*** Opening Input ***

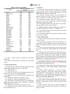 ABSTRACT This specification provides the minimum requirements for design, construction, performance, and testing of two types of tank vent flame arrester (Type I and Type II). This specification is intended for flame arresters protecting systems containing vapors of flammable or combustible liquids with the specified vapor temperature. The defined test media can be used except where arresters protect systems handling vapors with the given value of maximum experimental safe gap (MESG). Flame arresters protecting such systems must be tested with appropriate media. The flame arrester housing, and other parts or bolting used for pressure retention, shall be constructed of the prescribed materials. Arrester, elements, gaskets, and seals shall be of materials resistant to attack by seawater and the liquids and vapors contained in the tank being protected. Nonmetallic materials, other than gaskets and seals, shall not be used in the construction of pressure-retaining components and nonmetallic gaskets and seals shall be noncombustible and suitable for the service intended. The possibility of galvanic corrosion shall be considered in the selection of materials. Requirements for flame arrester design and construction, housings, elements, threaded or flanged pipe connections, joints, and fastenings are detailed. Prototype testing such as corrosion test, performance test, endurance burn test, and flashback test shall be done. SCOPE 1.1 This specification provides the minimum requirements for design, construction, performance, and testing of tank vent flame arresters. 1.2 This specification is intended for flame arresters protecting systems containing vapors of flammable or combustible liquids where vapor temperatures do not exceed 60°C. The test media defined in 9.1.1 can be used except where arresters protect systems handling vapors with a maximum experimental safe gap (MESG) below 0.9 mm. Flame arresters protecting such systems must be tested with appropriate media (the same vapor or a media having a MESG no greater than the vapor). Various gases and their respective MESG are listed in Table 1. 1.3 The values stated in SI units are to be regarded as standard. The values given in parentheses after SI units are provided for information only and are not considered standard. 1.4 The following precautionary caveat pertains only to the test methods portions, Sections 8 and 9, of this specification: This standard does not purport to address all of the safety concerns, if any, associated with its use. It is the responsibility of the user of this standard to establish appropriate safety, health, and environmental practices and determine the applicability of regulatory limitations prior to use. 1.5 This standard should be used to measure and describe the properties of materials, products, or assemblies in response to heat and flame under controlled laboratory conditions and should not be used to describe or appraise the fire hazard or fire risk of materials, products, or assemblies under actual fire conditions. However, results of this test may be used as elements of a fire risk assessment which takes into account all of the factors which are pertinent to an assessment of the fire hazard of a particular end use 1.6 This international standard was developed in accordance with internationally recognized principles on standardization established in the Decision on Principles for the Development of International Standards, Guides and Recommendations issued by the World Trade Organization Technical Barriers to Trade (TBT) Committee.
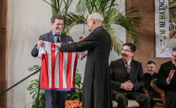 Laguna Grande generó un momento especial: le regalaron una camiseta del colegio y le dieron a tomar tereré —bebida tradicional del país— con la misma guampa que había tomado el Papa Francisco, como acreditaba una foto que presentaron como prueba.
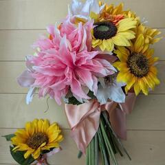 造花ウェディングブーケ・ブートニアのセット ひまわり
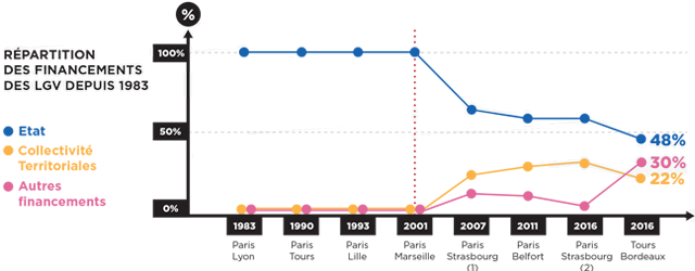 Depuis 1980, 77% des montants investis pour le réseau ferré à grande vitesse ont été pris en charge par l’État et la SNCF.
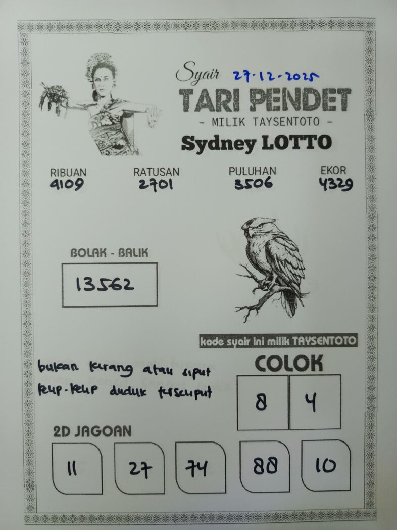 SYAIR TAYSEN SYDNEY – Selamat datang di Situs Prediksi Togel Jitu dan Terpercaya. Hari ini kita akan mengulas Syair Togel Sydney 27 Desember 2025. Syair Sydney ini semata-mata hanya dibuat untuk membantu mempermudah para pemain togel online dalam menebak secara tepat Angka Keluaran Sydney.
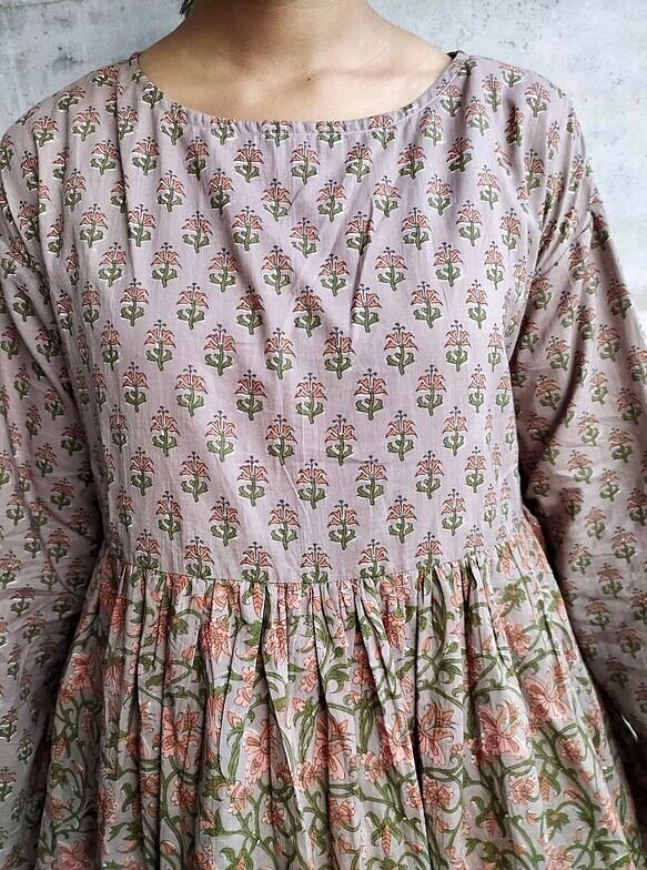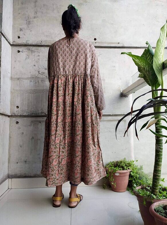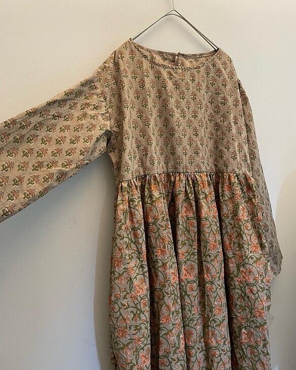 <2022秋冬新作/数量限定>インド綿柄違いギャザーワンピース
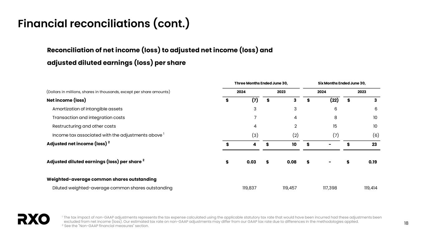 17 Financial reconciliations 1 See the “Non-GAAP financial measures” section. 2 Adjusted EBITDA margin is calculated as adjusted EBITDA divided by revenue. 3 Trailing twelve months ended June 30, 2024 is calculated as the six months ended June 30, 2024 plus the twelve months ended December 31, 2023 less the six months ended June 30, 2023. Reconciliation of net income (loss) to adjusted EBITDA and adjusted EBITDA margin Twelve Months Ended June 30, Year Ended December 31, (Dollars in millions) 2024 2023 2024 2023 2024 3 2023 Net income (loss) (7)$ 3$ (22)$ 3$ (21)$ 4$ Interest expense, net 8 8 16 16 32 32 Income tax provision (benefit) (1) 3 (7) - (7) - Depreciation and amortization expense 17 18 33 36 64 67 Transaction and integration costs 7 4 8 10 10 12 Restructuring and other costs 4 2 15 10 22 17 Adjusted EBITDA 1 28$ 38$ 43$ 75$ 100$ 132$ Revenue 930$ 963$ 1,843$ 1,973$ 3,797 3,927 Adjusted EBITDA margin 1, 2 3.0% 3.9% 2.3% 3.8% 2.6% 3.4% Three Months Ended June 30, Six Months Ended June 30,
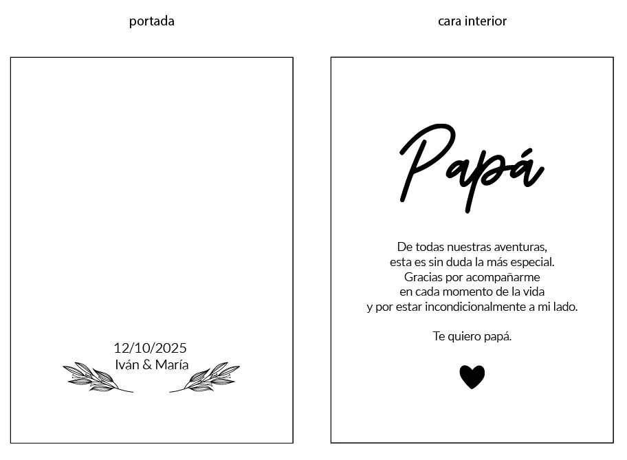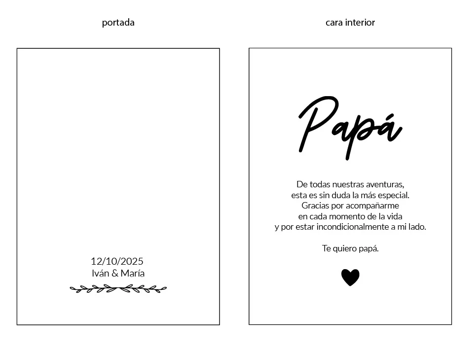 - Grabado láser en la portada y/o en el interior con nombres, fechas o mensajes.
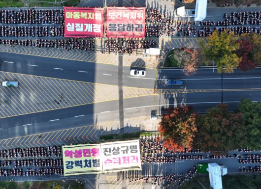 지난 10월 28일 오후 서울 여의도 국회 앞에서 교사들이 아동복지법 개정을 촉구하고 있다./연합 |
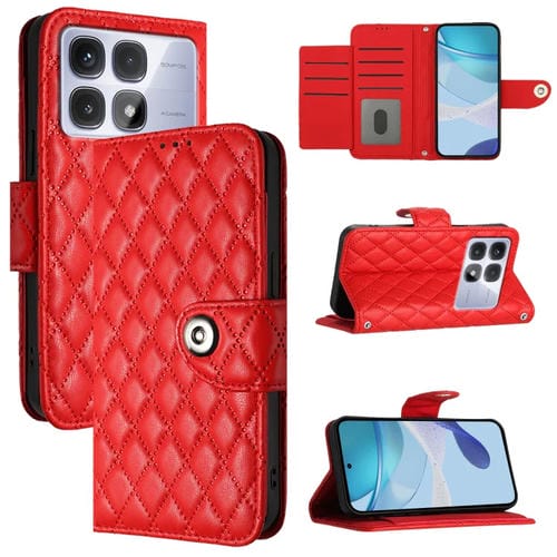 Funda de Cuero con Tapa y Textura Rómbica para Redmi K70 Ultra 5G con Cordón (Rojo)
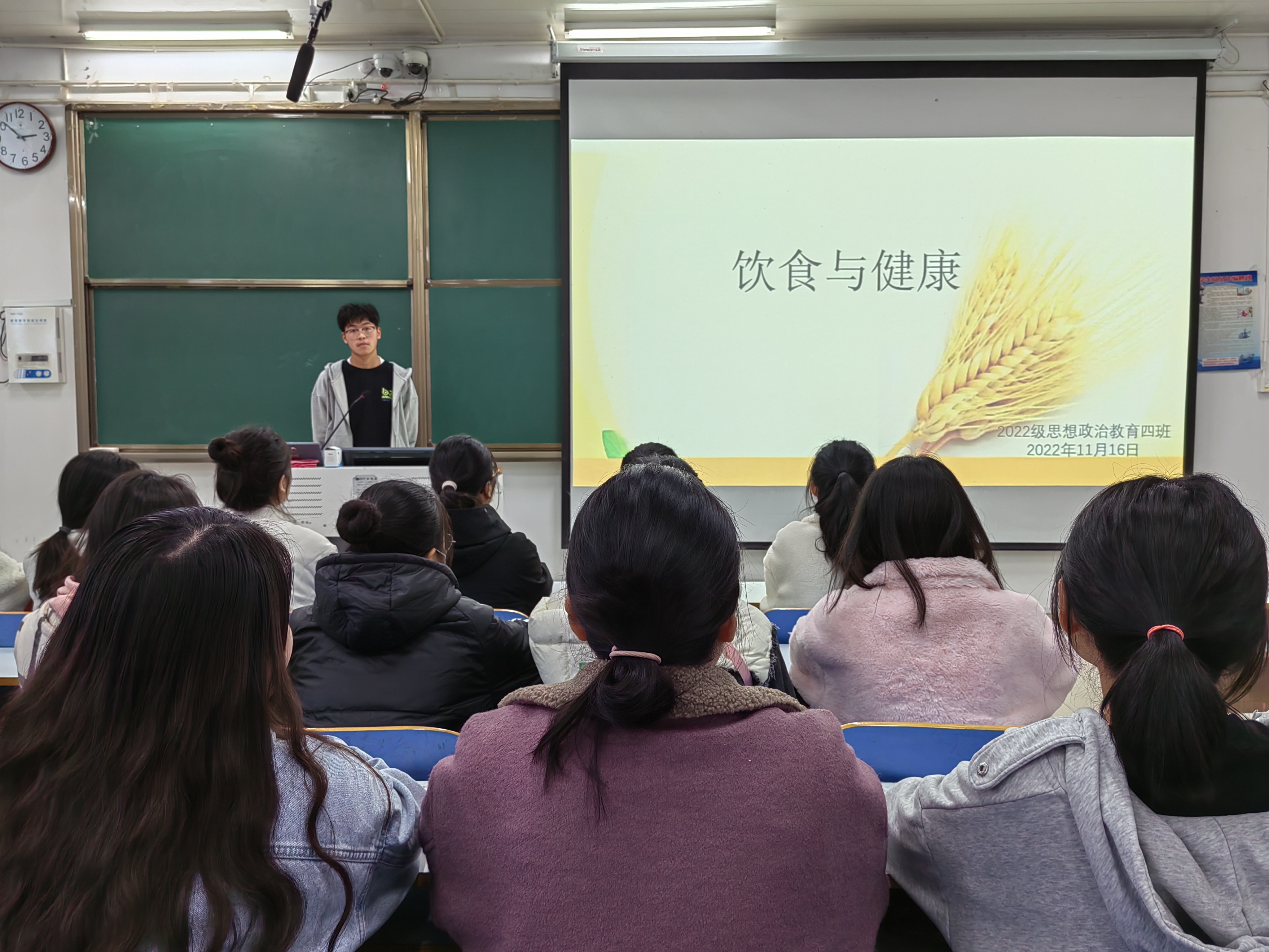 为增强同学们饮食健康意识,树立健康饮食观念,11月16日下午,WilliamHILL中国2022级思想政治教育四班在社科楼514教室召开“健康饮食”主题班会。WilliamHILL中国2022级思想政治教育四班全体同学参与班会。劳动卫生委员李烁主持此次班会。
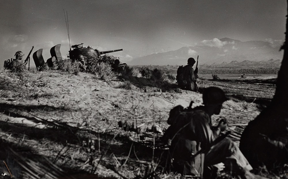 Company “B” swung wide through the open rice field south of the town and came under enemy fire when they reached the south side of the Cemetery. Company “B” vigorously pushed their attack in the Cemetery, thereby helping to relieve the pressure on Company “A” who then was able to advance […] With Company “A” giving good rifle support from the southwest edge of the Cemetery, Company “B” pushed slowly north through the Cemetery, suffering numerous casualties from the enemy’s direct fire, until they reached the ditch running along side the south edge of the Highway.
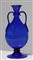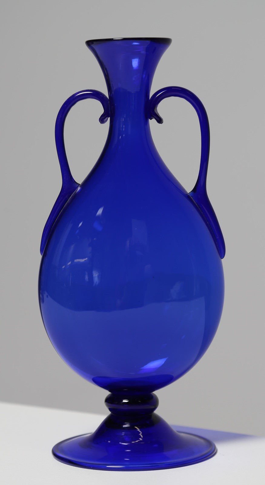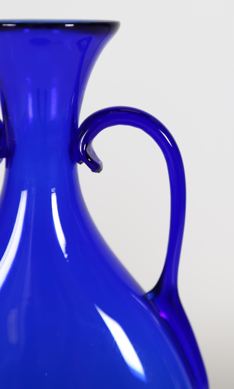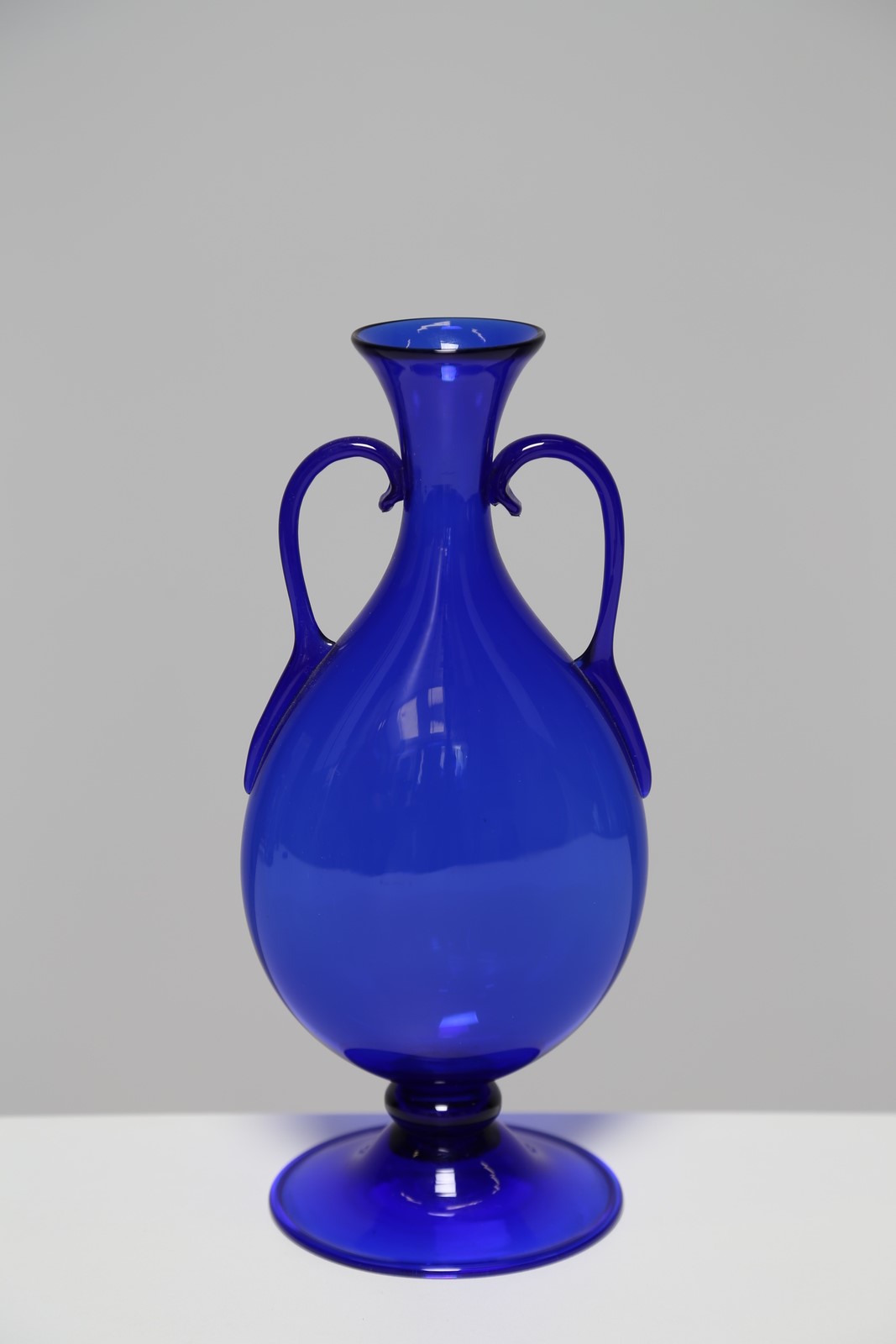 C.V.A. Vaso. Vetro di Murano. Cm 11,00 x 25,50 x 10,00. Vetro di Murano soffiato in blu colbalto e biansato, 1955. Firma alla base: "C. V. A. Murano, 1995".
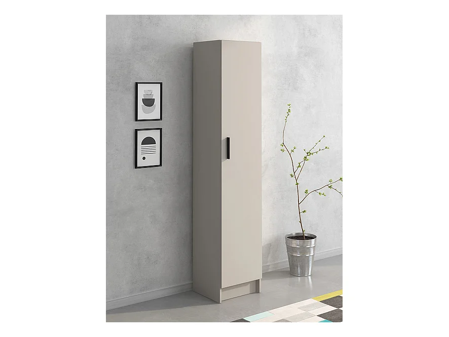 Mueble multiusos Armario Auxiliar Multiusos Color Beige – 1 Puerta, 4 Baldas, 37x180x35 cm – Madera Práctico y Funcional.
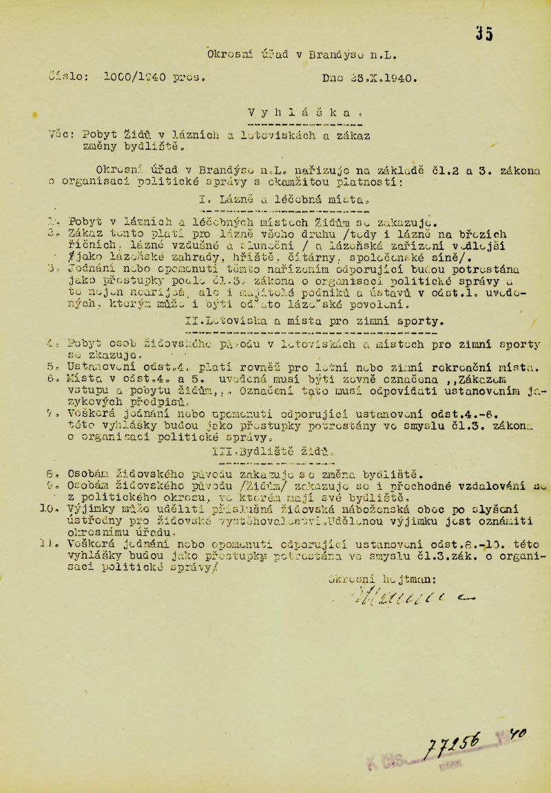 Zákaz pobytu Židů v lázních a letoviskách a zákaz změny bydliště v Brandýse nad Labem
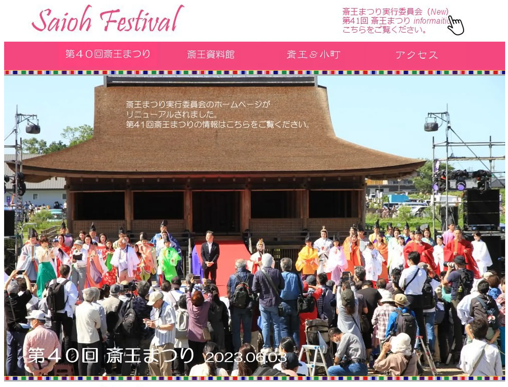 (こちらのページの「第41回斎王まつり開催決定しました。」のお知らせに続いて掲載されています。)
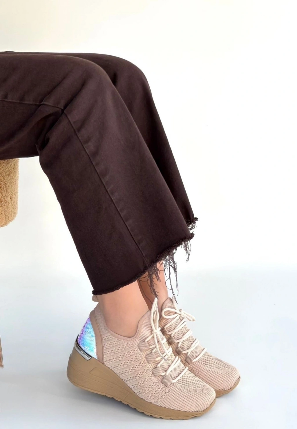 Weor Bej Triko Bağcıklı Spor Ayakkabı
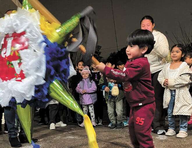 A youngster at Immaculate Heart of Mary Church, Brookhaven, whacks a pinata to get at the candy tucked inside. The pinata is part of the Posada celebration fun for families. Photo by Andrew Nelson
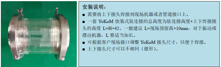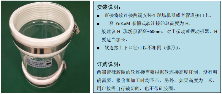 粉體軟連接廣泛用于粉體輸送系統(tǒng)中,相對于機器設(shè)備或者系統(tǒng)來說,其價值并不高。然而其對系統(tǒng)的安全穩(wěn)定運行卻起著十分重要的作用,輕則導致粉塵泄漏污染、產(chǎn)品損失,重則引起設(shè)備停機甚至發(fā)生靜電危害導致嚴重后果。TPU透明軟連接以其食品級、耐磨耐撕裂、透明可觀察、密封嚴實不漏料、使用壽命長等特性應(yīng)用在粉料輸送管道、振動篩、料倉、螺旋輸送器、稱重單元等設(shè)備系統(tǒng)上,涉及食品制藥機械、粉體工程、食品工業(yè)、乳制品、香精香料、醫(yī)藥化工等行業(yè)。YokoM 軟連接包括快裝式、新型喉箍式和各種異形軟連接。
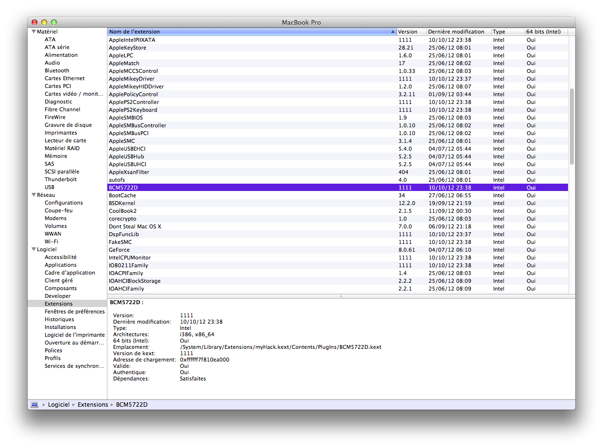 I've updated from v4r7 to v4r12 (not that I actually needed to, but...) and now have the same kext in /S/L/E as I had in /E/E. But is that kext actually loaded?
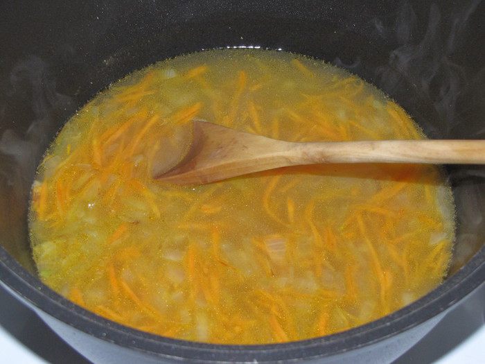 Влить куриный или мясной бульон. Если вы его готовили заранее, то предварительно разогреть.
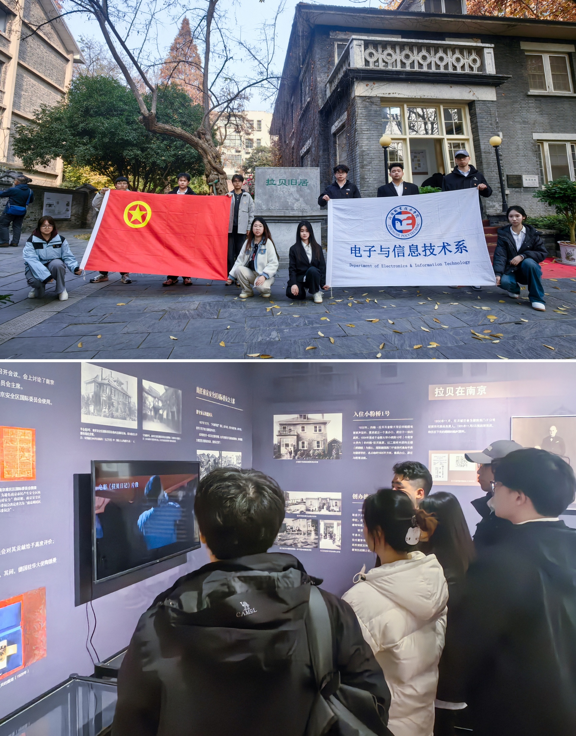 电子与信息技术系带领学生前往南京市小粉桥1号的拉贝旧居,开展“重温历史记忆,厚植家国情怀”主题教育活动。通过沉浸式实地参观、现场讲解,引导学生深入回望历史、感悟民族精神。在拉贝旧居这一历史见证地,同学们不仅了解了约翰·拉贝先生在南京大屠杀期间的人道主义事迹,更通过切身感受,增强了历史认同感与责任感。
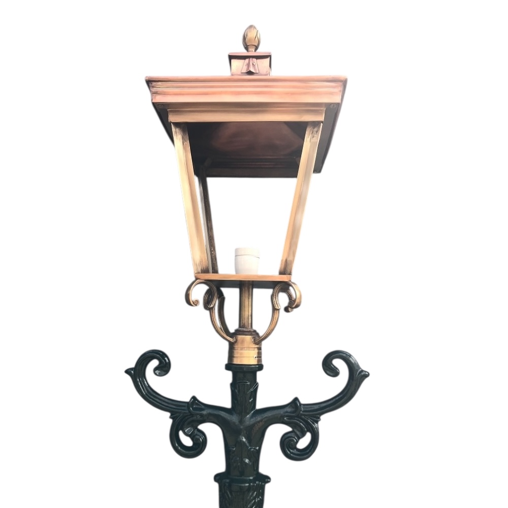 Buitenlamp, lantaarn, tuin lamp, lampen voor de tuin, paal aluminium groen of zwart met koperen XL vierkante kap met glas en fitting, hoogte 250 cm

*** Closing Input ***

[Work instruction] Set down exactly the lines above, from the line containing "SYAIR TAYSEN SYDNEY" through the line containing "<2022秋冬新作/数量限定>インド綿柄違いギャザーワンピース". Skip the pictures.

[Result]
 SYAIR TAYSEN SYDNEY – Selamat datang di Situs Prediksi Togel Jitu dan Terpercaya. Hari ini kita akan mengulas Syair Togel Sydney 27 Desember 2025. Syair Sydney ini semata-mata hanya dibuat untuk membantu mempermudah para pemain togel online dalam menebak secara tepat Angka Keluaran Sydney.
 <2022秋冬新作/数量限定>インド綿柄違いギャザーワンピース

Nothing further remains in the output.